Work order: Please copy all of the data that follows exactly, leaving any pictures out.

Data segment:

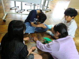 5年教室では図書委員会のチラシを仕上げていました。学習室ではいろんな学年の子が一緒に遊んでいます。
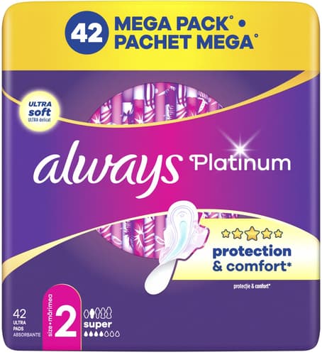 Hygienické vložky Always Platinum Super (velikost 2) doporučujeme používat během dne při středně silné menstruaci. Vyzkoušet můžete také vložky Always Platinum Secure Night (velikost 4), které zajistí ochranu i v noci.
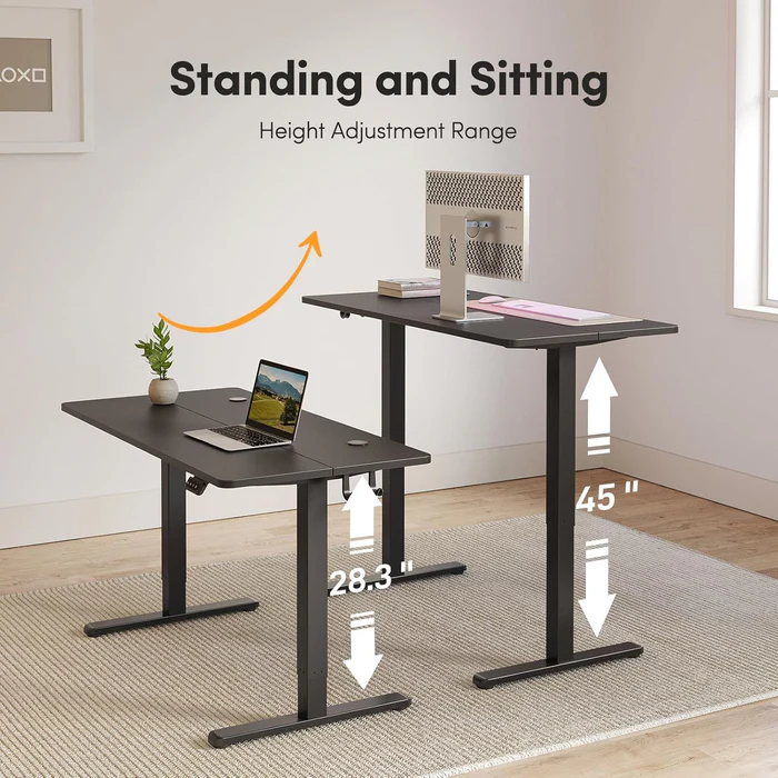 - Effortlessly adjust the desk height from 28.3″ to 46.5″ at a speed of 1″/second, with noise levels under 50 dB for a silent transition. Equipped with three customizable memory presets, the desk allows users to switch between preferred heights with a single press, enhancing comfort and productivity.

Finished exercise:
 5年教室では図書委員会のチラシを仕上げていました。学習室ではいろんな学年の子が一緒に遊んでいます。
 Hygienické vložky Always Platinum Super (velikost 2) doporučujeme používat během dne při středně silné menstruaci. Vyzkoušet můžete také vložky Always Platinum Secure Night (velikost 4), které zajistí ochranu i v noci.
 - Effortlessly adjust the desk height from 28.3″ to 46.5″ at a speed of 1″/second, with noise levels under 50 dB for a silent transition. Equipped with three customizable memory presets, the desk allows users to switch between preferred heights with a single press, enhancing comfort and productivity.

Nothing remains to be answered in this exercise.